2026.03.03 18:00
2026.03.03 18:00
「普通」や「当たり前」は人の数だけある
──本作のような現実の社会を描いた作品に取り組むのって、生活者としての感覚がすごく大切になってくるんじゃないかと思います。山谷さんとしてはどうですか?
私自身も、なくてはならないものだと思います。ここ数年、生きるために働いているのか、働くために生きているのかを考える時間が増えました。もちろん、どっちも大切。作品があって、役があるからこそ私の仕事があって、生活がある。そして、私は私の生活があるからこそ、演じる役と私だけの共通点を見出すことができる。そう考えています。

──やっぱり、切り離しては考えられないものだと。
芸能の世界に子供の頃から身を置いていると、考え方やものの見方が偏ってしまうこともあります。自分にとって当たり前だと思っていたことが、一般社会だとそうではなかったり。こうして私は特殊な仕事をしていますが、私自身は特別な人間ではない。この考え方を大切にしています。とか言っておきながら、2年後くらいには完全に染まっていたりして(笑)。
──それはそれで面白いですよ(笑)。
でも、思うんですよね。芸能人になるために私は生まれてきたわけじゃないって。もちろんこの仕事をしている以上、自分が商品であることは自覚しています。でもそれ以前に血の通った人間だから、他人の痛みや気持ちに寄り添える存在であり続けたい。他人に共感できる人間であり続けたい。
──そうした姿勢が、ひるがえって俳優業にも生きてくるんでしょうね。
そうだったらいいなと思います。日常的に身を置いている世界が違うと、価値観ってまるで変わってきますもん。異業種に就いている友人たちとの交流が増えたのですが、私の知らないことをみんなが教えてくれます。すごく新鮮ですよ。個人の「普通」や「当たり前」って、人の数だけありますね。

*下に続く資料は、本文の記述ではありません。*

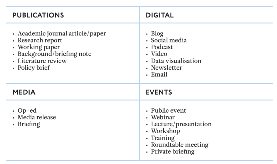 A think tank does this by developing a portfolio of communications channels and tools, and then deciding how to use them strategically. Picking the right output or channel will depend on the content (what is it you want to share) and the audience (who it is intended for).
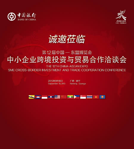 中国银行联合广西壮族自治区人民政府主办的“第12届中国-东盟博览会中小企业跨境投资与贸易合作洽谈会”,将于2015年9月18日在广西南宁盛大召开。
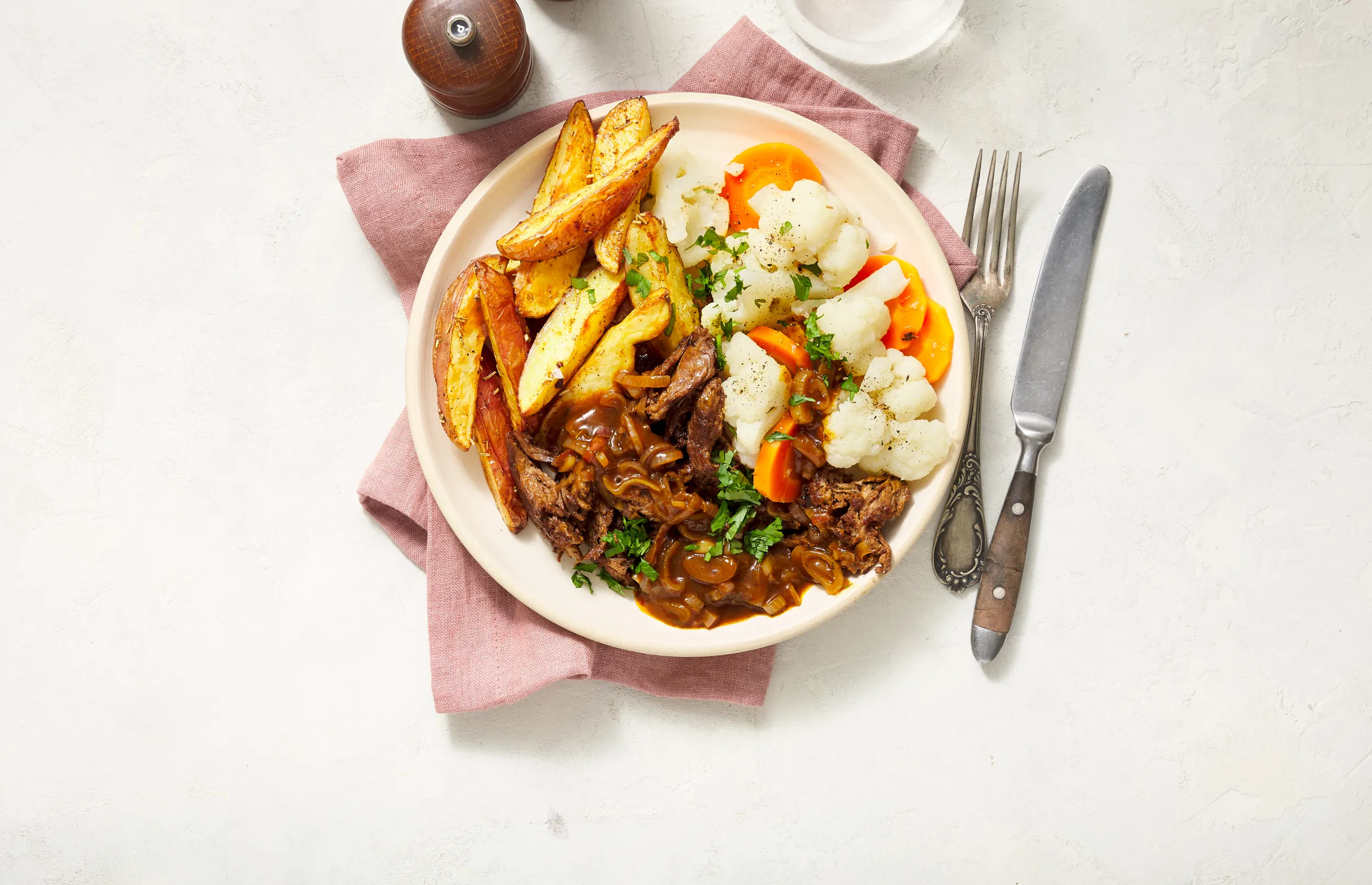 Serveer het PLNT stoofvlees met de wedges, groenten en jus. Garneer met 1 bosje peterselie.
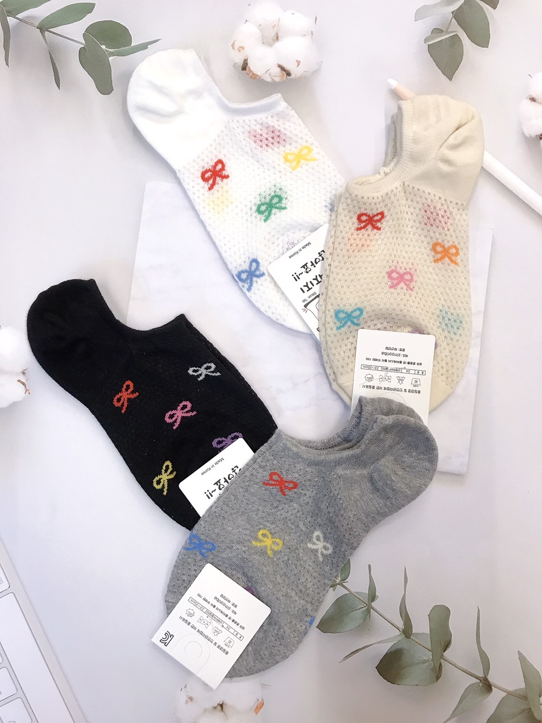 韓國製造~網格彩色蝴蝶結 隱形襪

──この場にいる人々の「普通」や「当たり前」も、同じようでいて、じつは違ったりします。
「普通」って何なんだろう。世間の大多数の人々が考えていることや行っていることが、きっといまの「普通」をつくり上げているんでしょうね。
──そう言えると思います。
そこにうまく乗っかることができなかったのが、私のような人間なのかもしれませんね。
──これまでに山谷さんはいろんな監督とタッグを組まれてきましたが、白金監督との映画づくりはいかがでしたか?
言葉の壁がどうしてもあったので、お互いの意図を正しく交換できているのか、ちょっともどかしさを感じていたのが正直なところです。
──この作品をとおしてだけでなく、監督とのやり取りの中でも“言葉”について考えていたんですね。
細かなニュアンスの違いを受け取ることができるかどうかで、結果が大きく変わってきますからね。撮影監督の宗賢次郎さんが間に立って、現場をまとめてくださっていた印象があります。とはいえ、少しでも私なりに監督の言葉を受け取って、その考えや想いに歩み寄りたいと考えていました。
──真心で。
はい。現場では譲り合いや、すり合わせが必要ですからね。だからこそ、お互いの意図を確実に交換できないと歯痒いんです。

──映画だけ観ると不穏な印象ですが、実際の現場の空気はどんなものだったんですかね?
監督はすごく陽気な方なんですよ。よく笑う方ですし、おしゃべり好きなイメージ。だから和やかでした。といっても、私が現場でご一緒できたのはかぎられた時間でしたけど。
──そうか、出番が序盤の方に集中しているから。
そうなんです。だから後半の過激なシーンをどういう空気の中で撮っていったのか、私も気になります。
──それにしてもすごいですよね。中盤以降の登場は遺影ばかりですが、明希の存在を最初から最後までずっと感じる。
私もです。
──山谷さんご自身もなんですね。
なんだかずっといるな、と思っていました。しかも、遺影の印象も変わってくるんですよね。物語が進むにつれて、悲しそうに見えたり。
──たしかに、遺影の中の明希の印象はどんどん変わっていきます。
たんにシワシワになっていったというのもあると思うのですが、やっぱりあれは写真だから、明希は自分の思いを口にすることができないわけですよね。本来の明希像が壊されて、信治が向き合う物語に沿った虚像がつくり上げられていく。そんな印象がありました。
──観客もその一員になります。
映画を観てくださる方々の目にどう映るのか、とても気になります。